Content starts
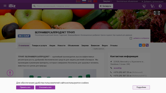 | AI-анализ | The web project "БЕЛУНИВЕРСАЛПРОДУКТ ТПЧУП" specializes in producing and selling plant growth regulators, hydrogumat, microfertilizers, innovative fertilizers, garden paint, and warming solution for trees in Belarus. The organization's address is 223028, , Ждановичи аг., Линейная, 3 (комн. 208). They offer a range of products that are safe for human health, animals, and the environment, utilizing proven recipes with harmless ingredients and advanced technologies. The company's mission is to create optimal formulas for plants that are both effective and natural, resulting in eco-friendly products. The product line includes natural plant growth regulators, microfertilizers with growth stimulators, humic fertilizers, fun |
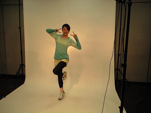 私、逆立ちでスタジオ半分まで歩くと
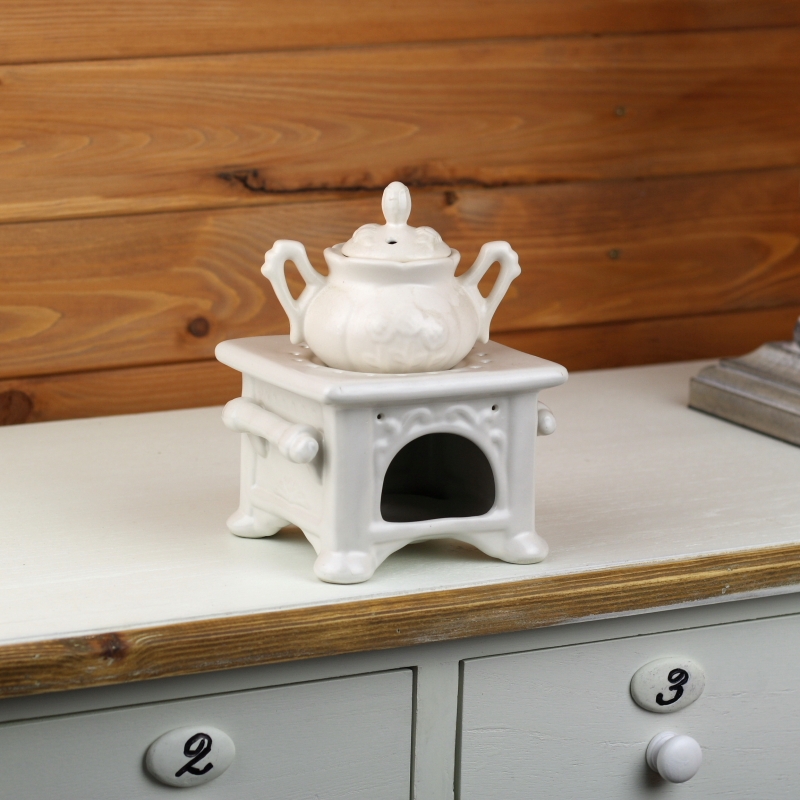 Aróma lampa v tvare kachlí s kanvičkou sa hodí do každého bytu či domu vo vidieckom štýle, rovnako tak aj na chatu či chalupu.
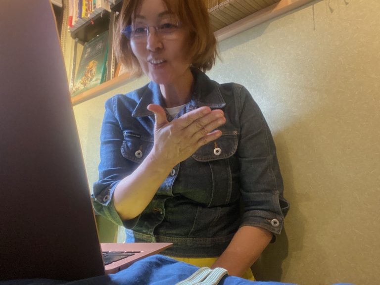 オンライングループセッション。今行っているのは、2名の方が交互に話者、聴き手となって興味や関心のある事柄を10分でプレゼン。質疑応答、感想を言います。私は、会話の舵取り役。
Content ends
**Instructions to follow**
An exact restatement is expected of the lines from the line containing "私、逆立ちでスタジオ半分まで歩くと" to the end of the data above, pictures excluded.

**Answer box**
 私、逆立ちでスタジオ半分まで歩くと
 Aróma lampa v tvare kachlí s kanvičkou sa hodí do každého bytu či domu vo vidieckom štýle, rovnako tak aj na chatu či chalupu.
 オンライングループセッション。今行っているのは、2名の方が交互に話者、聴き手となって興味や関心のある事柄を10分でプレゼン。質疑応答、感想を言います。私は、会話の舵取り役。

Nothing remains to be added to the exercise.